◆ What is required ◆
Set down the final stretch of the data, from the line that holds "Испытатели СССР и" through the last line, both included, with pictures left out.
*** Opening Task material ***
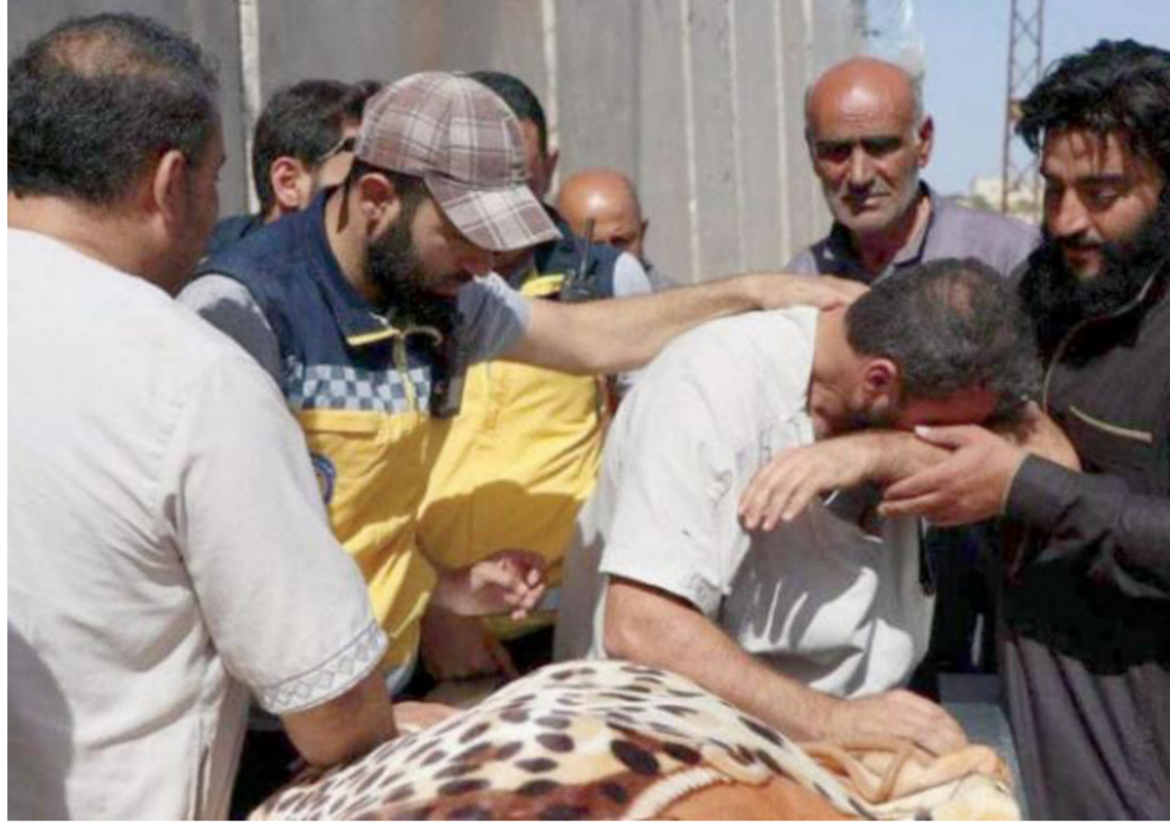
سوري يبكي احدي ضحايا قصف النظام السوري على جبل الزاوية
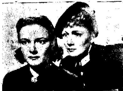
納粹間諜的自供中的女角

好萊塢影片之根據事實攝製的，我們見得多了，儘管影片所描寫的和事實內容絲毫無異，但劇中人物姓名慣常總是另名頂替，甚至於在影片端加一張字幕，諱謂該片係小說體裁，人物故事，悉出空想，偶有類同，亦係無意巧合，絕無假借影射之意，「一個納粹間諜的自供」則不然，它明白地承認它是去冬所破獲的納粹「納粹間諜案」的事實描寫，人物地點絕無掩飾，以如此公然坦白的態度，攝製敘述足以引起巨大事變的國際陰謀影片，不僅在好萊塢，即是在全世界也還是第 次，正是爲了這一點特徵「一個納粹間諜的自供」乃不能與任何影片相提並論，不能像一般影片那樣把它歸入那一類，但是由於製作的審慎，表現的完善，演技的優越，就把它當作一張普通的娛樂片，它也是一部閃爍着成功的光芒的作品，即使對於國際事件毫不注意的觀衆，他們也將從該片中得到一種新的啟發與興趣。
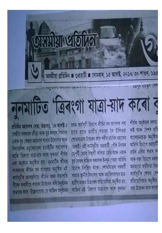
Nehru Yuva Kendra Sangathan, Ministry of Youth Affairs & Sports, Govt. of India
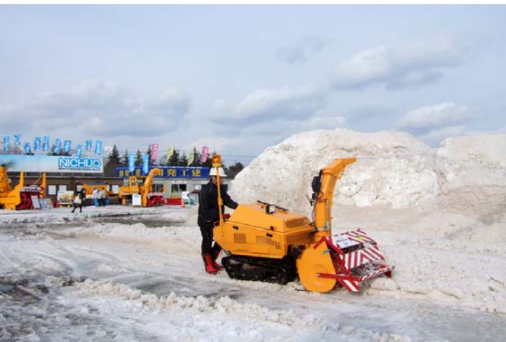
除雪機械実演会状況
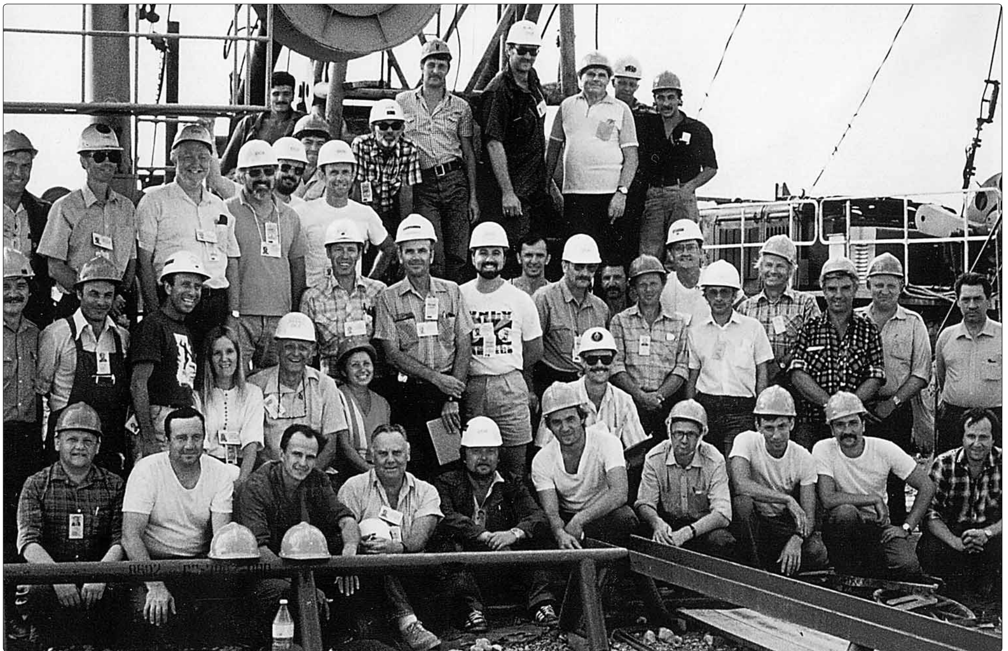
Испытатели СССР и США у скважин СЭК на Семипалатинском полигоне. Сентябрь 1988 г.

Всем им наша признательность за беззаветное служение делу, которому они отдавали и отдадут все свои силы, не кичась значимостью работы и не выпячивая свои заслуги. Спасибо вам, мастера - золотые руки!
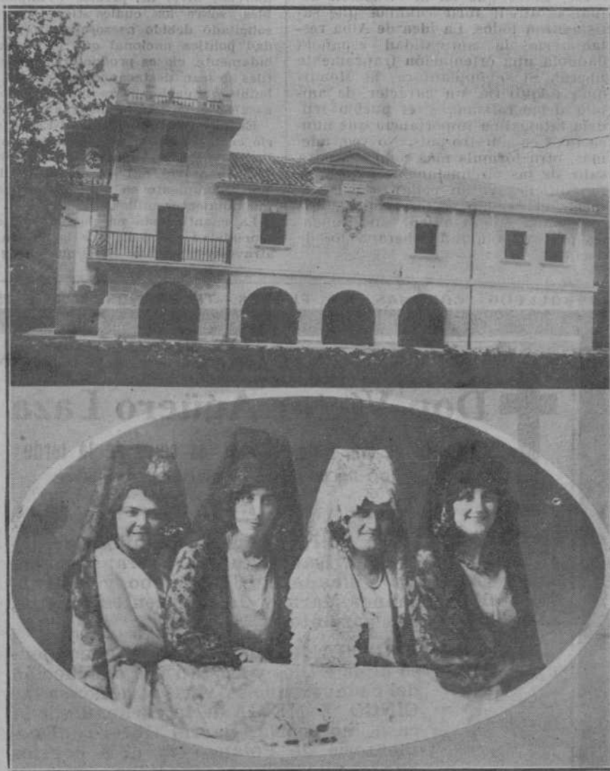
LA ACTUALIDAD EN LA PROVINCIA.—Nuevo edificio para Casa Consistorial del Ayuntamiento de Corvera, en San Vicente de Toranzo, que en breve será inaugurada.—Las lindas señoritas que presidieron la corrida de novillos celebrada en Castro Urdiales con motivo de las fiestas de San Pedro.—(Fotos Riancho y A. de la Torre)

Las Empresas de autocars Los Bárcenas y Bringas transportarán también gratuitamente a «La Vizcaína» a cuantos asistan al homenaje, a cuyo fin se anunciará oportunamente la hora de salida, que se verificará de la Avenida de Alfonso XIII.
*** Closing Task material ***
◆ Response below ◆
Испытатели СССР и США у скважин СЭК на Семипалатинском полигоне. Сентябрь 1988 г.

Всем им наша признательность за беззаветное служение делу, которому они отдавали и отдадут все свои силы, не кичась значимостью работы и не выпячивая свои заслуги. Спасибо вам, мастера - золотые руки!
LA ACTUALIDAD EN LA PROVINCIA.—Nuevo edificio para Casa Consistorial del Ayuntamiento de Corvera, en San Vicente de Toranzo, que en breve será inaugurada.—Las lindas señoritas que presidieron la corrida de novillos celebrada en Castro Urdiales con motivo de las fiestas de San Pedro.—(Fotos Riancho y A. de la Torre)

Las Empresas de autocars Los Bárcenas y Bringas transportarán también gratuitamente a «La Vizcaína» a cuantos asistan al homenaje, a cuyo fin se anunciará oportunamente la hora de salida, que se verificará de la Avenida de Alfonso XIII.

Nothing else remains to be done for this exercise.